Wednesday, March 19, 2008

No Self-Control

I smacked D yesterday…first time ever! Of course felt like crap after that.
Off late, he has been... well, lets just say, difficult. We are witnessing a new avatar of a tantrum that is amazingly different from what we were used to. Yesterday’s fit was the second one in a row. We went through a similar one the previous evening.

Hubby dear and I really thought we were done with tantrums. Who were we kidding?

He has been refusing to go to bed around his usual time. He also doesn’t like to sleep in his room (we have been struggling with this for a while now and it seems to be getting worse). None of the earlier threats ( giving away his Spider man paraphernalia, his books, his piggy bank etc etc) work. He couldn’t care less. At least that is the attitude we get from him.

Now, I have a short fuse. I lose my temper very easily and have problems controlling it. So, yesterday, while Hubby dear was patiently reasoning and rationalizing with him, I tried desperately to keep my anger under control. Only for a few minutes though. As soon as he kicked Hubby dear, I couldn’t hold back any more. I picked him up (with great difficulty-he is no longer a little baby) and carried him to the top landing. Pushed him to the floor and tried to close the baby gate behind me so that he couldn’t get out. Of course, that wasn’t easy at all, with him forcing himself onto me, screaming and yelling all the way. I managed to close the gate, came back to the kitchen and poured myself a glass of wine, while unbelievable shaking my head and wondering where we went wrong with our parenting. D continued screaming for his dad. We thought he would stop after a while but he kept at it. Hubby dear was all set to go and reason with him again but I stopped him. Simply because I thought he would stop. But he didn’t. In fact he got more agitated and started banging on the gate. Hubby dear indicated that I should maybe go and try pacify him. The wine was working now, well, at least that's what I thought. I decided to go back and talk to him but as soon as I got to the top flight of stairs, D stuck out his tongue at me!! Not once, twice but three frigging times! As if he wasn’t sorry at all, no remorse, no guilt whatsoever! And that did it! I completely lost it. I opened the gate and flung myself on him, turned him over and whacked him. Two solid ones on his tiny bum.

Of course, it went all downhill from there.

Hubby dear’s intervention was crucial at this point and he spent the next 20 minutes pacifying and again reasoning with our 4 year old. After much talking and explaining, he came down quietly and apologised for his behavior.

Later in the night, as I was trying to put him to sleep, the following was the conversation I had with him:

I am so sorry for hitting you today (hugging and kissing him- I was feeling pathetic)
It’s all right mama. I am sorry too.
You know sometimes I feel you don’t care for us D
I do, mama
But if you, why do you behave the way you do?
Mama, because ….(then he stopped)
No mama, I care for you and I love you
What about Papa? Do you love him too?
Yes, mama I do. I love you both and I care for you.

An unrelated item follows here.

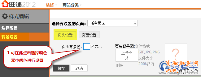 點擊”背景設置“ --”頁頭設置“進店招位置的背景設置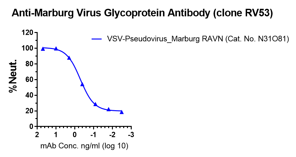 This antibody has been tested to bind to Marburg Virus Glycoprotein GP (Catalog # I27A51) and neutralize against Marburg Pseudovirus (Cat. No. N31O81) on Vero cells.

It’s not what he said that struck me. It was how he said it. He didn’t look or sound like a 4 year old. He didnt make much eye contact with me. In fact his eyes were fixed away from me, as if he was intently processing what he would say and carefully choosing his words. He was emotional but he voice was controlled. He sounded way matured for his age. As if he understood the gravity of the situation and the consequences of his actions. He really wanted to say why he behaved the way he did but couldn’t articulate it. Given his limited vocabulary, I think it was hard for him to describe what exactly he felt.

In retrospect I wish I had probed him a little further. I am pretty certain I would have had a better sense of why he threw such a huge tantrum about something so routine like going to bed at 8:30.
I just hope his tantrums including my whacks aren't turning into a regular feature. I have restrained myself in the past from hitting him but yesterday he took me to a place that made it easier for me to let go of my control.

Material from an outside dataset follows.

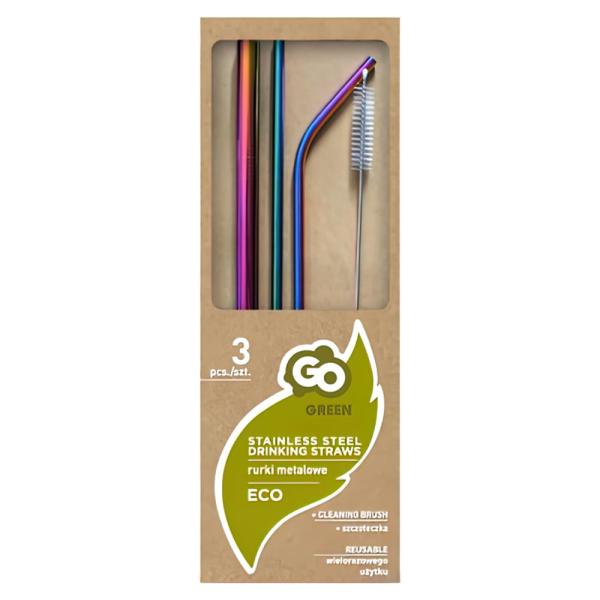 Metallsugrör Set Regnbåge omfattar ett set med återanvändbara sugrör av rostfritt stål i fina regnbågsfärger. Setet innehåller ett rakt, ett böjt och ett tjockt sugrör samt en rengöringsborste. Sugrören är ca 21,5 cm långa och mäter 0,5 samt 1 cm i diameter. Diskas för hand eller i diskamaskin.

And I pray that he doesn’t take me there again.

Edited to add: I think physical punishment is necessary at times. But I don't advocate it given the fact that I grew up in a family where canning was quite common. I was slapped by my mother just once but that was enough for me to remember it to this day. I am currently attending a conflict mediation training and some of my fellow participants are teens. In one of the exercises we had to talk about how our families manage conflict and majority of the teens seem to experience parental beatings and physical punishments growing up. Some of the common phrases that were shared were 'my mother was a yeller' or ' my father beat me with his belt' and so and so forth. And as I listened to them, I wondered how D and A would describe their parents conflict management capabilities a few years from now. I definitely don't want them to think of me as a 'yeller' or a 'spanker'! I also don't want them to think of me as someone who avoided conflict because she didn't have the strength or the fortitude to face the consequences (something that came out in this discussion as well). I definitely have my work cut out when it comes to managing my emotions and conflict. Hopefully this training will equip me to manage conflict constructively.